I am using SuperContainer to do something similar and have done other projects where files are stored in different server side volumes,

With in SuperContainer i split up things by year/month like 2012/01 2012/02 etc so new files are added to that folder regardless of any other logic - the thought is if we need to archive

documents from last year or earlier we can easily move these files to a different drive.

Since you are using FMP as a method to look at REFERENCED files this is more challenging as I assume that the need for a HUMAN READABLE HIERARCHY on a drive is desired and that the files are added to the directory FIRST and then a record or reference is added to FMP second?

If you would consider this: Using SuperContainer perhaps ScriptMaster too. You could make FMP the SOURCE of all the attachments - and if you STILL need another hosted share point for users to navigate you could build a system that generates on the fly as needed directories and structure where you can create a duplicate file in that location.

Should your be reaching capacity on your drive you could make it so all new documents are routed to the new share point with larger capacity drive - or some other approach to split projects by name or status to the other volume.

In one project i had as soon as the project when INACTIVE i would have a script run thru and MASS move content from one server to the other, keeping the hierarchy in tact.

Hope this helps.

Link to comment
Share on other sites

As Ocean West said, take a look at SuperContainer. You're a media manager. You must know about it (even if it 'only' inspires you).

If you want to do it yourself you need to:

1. create a TAB-text export of the PDF table with:

- the ID

- the current location

- the competition ID

2. create a script (python or perl grade) that reads the export, calculates and creates the new path, COPIES (see step 9) each file to the new path and creates a TAB-text file with ID TAB newpath

3. Import the output of step 2 into a new FileMaker file Newlocations.fp7

4. temporarily create a relationship in Newlocations: Newlocations::ID=PDFtable::ID

5. create a new text field in PDFtable "newlocation"

6. use "Replace Field content" so that PDFtable::newlocation = Newlocations::newpath on all records

7. write a FMP script that takes the path from PDFtable::newlocation, puts it in a variable and imports the file

8. A FMP record loop which uses the previous script to re-import all PDFs

9. write a script (perl/python) that compares the files at oldlocation and newlocation for equality; this could be merged with step 2

This is a sketch from memory and the COPY part in step 2 is because nobody gets it right the first time and you need several runs until all the oddities are handled correctly and this process should run atomically; all or nothing. You don't want an unrecoverable error in the middle of the move. I can't say if it's best practice in general but it works pretty well for me.

I think steps 2 and 9 could be made with ScriptMaster. If you're able to run Python, I can can help you with that.

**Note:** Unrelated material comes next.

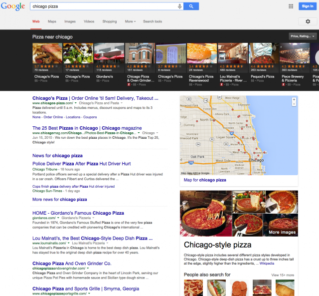 2. In this search for "chicago pizza", the image-heavy local results are irresistible: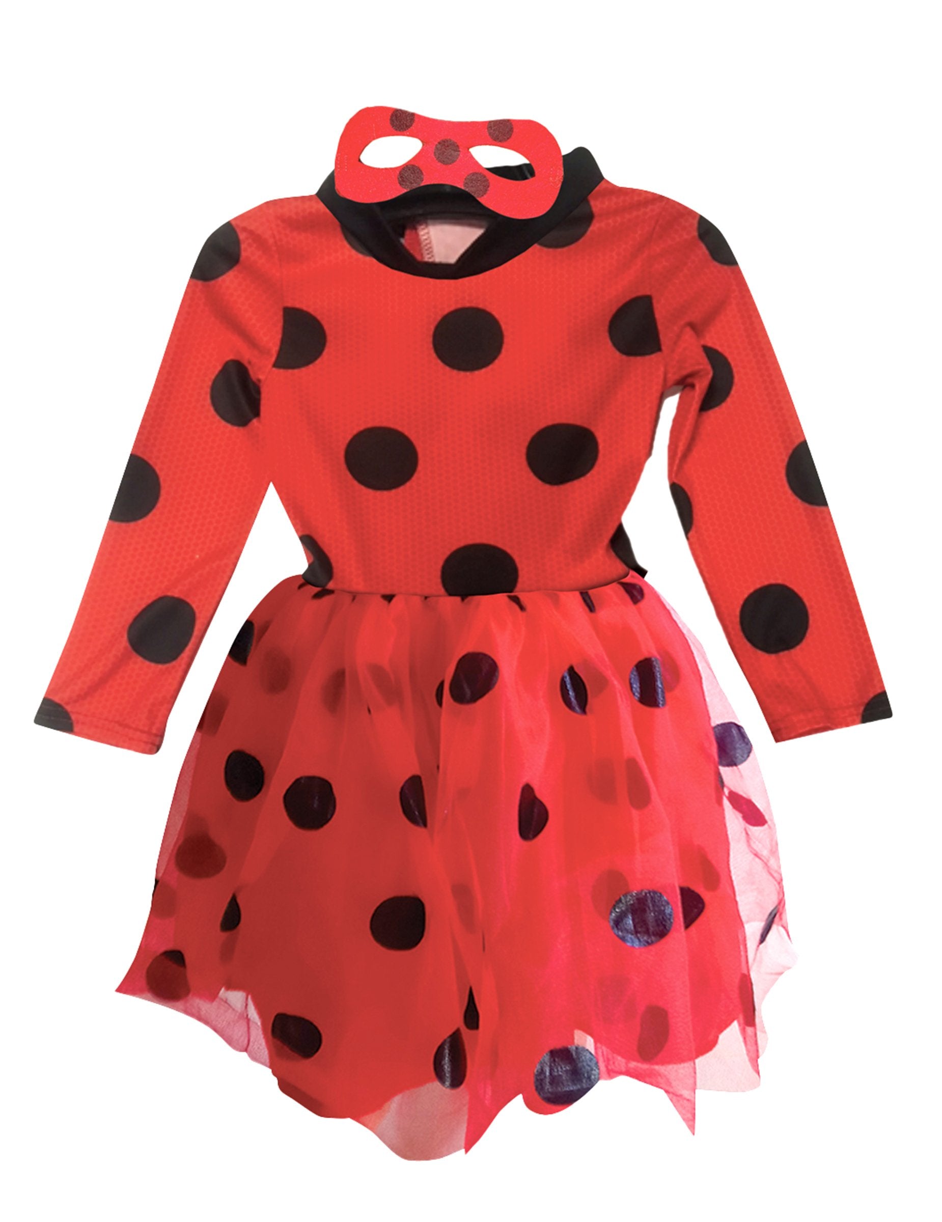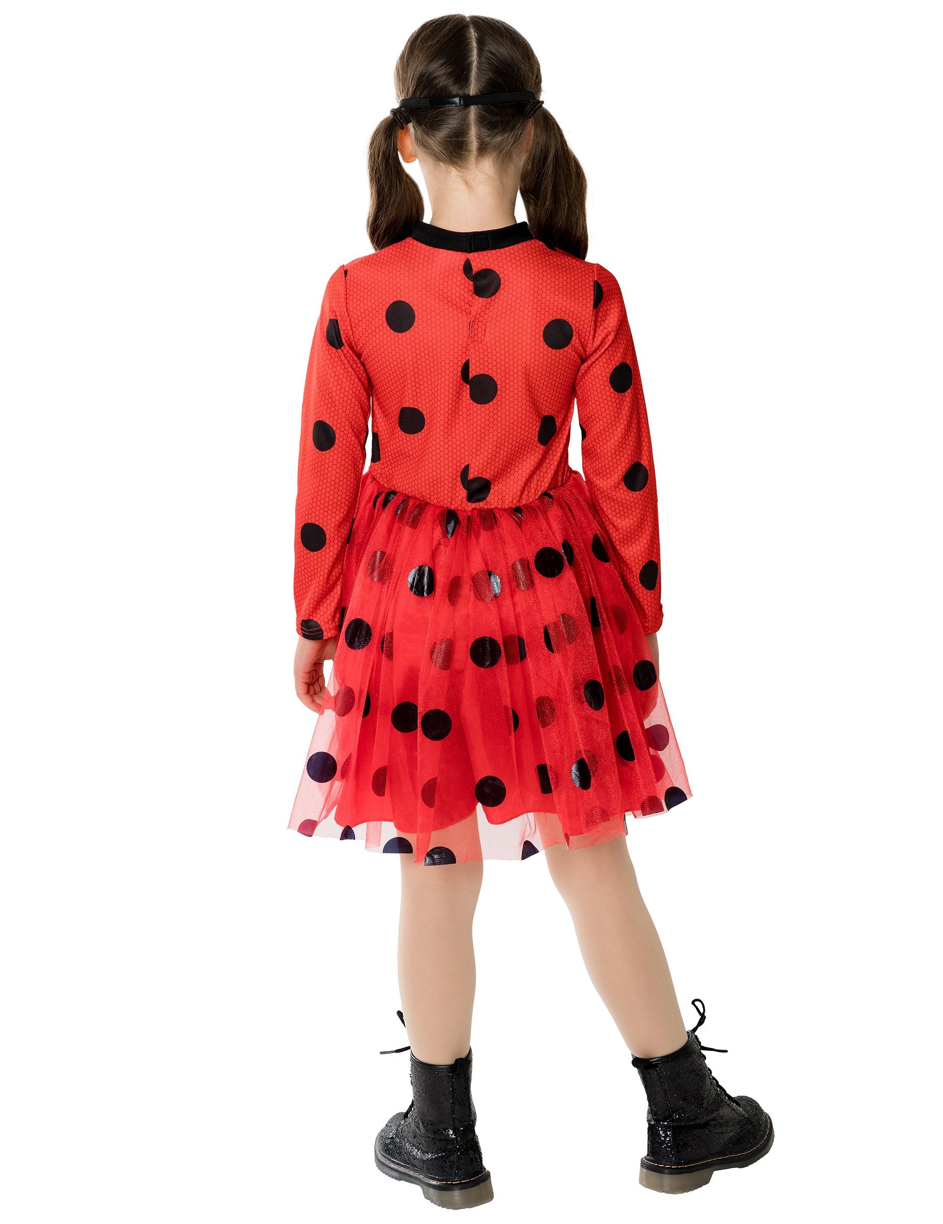Ce déguisement Ladybug Miraculous pour enfant comprend une robe rouge à pois noirs accompagnée d’un masque assorti, pour une transformation instantanée en héroïne préférée des petits. La robe à manches longues est dotée d’un haut ajusté et d’une jupe en tulle à pois, qui apporte du volume et un effet virevoltant plein de légèreté. L’ensemble affiche un contraste saisissant entre le rouge éclatant et les pois noirs emblématiques du costume de Ladybug. Le masque complète parfaitement la tenue et dissimule l’identité de la justicière, pour plonger immédiatement dans l’univers de Miraculous. Un costume idéal pour incarner Ladybug lors du Carnaval, d’un goûter d’anniversaire ou de toute fête costumée.

I hope I could give you an idea.

-karsten

Link to comment
Share on other sites

Thank you both for your replies.

We use SuperContainer on a different project, and so I am familiar with it. It is not used on this project, as we went the shared volume route.

In a way, the customer wants to be able to access the files outside of FM. The hierarchy that exists now is not "friendly" in that it's

1000/1000.pdf

2000/2000.pdf

The doc record exists in FM and then the file is uploaded.

However, the discussion I suppose I wanted to start was...does it make sense to split docs up? As I mentioned, the customer does think in competition chunks...however, the reality is that a small minority of the uploaded pdfs are not competition-specific, and so that model falls apart. Also, the customer needs access to past year's competition docs. And so, archiving isn't really a viable option.

My brief research seems to indicate that there exists technology for what's called "automated storage tiering." From my reading, it suggests that the division of the media is not handled by FM, per se, but rather by the software running the disk array.

Link to comment
Share on other sites

However, the discussion I suppose I wanted to start was...does it make sense to split docs up? As I mentioned, the customer does think in competition chunks...however, the reality is that a small minority of the uploaded pdfs are not competition-specific, and so that model falls apart. Also, the customer needs access to past year's competition docs. And so, archiving isn't really a viable option.

My brief research seems to indicate that there exists technology for what's called "automated storage tiering." From my reading, it suggests that the division of the media is not handled by FM, per se, but rather by the software running the disk array.

Perhaps you should ask yourself:

- What do the users with the PDFs and can the database provide it?

- If they find their PDFs by browsing the server why do you need a database?

- How would they find non-competition files in the database/on the server?

The growing server is an administriviality of copying and replacing some hardware which you should do every couple of years.

Link to comment
Share on other sites

There are always back end measures you can add to provide adequate and redundant storage such RAID and NAS or other connected volumes to accommodate any storage size requirements.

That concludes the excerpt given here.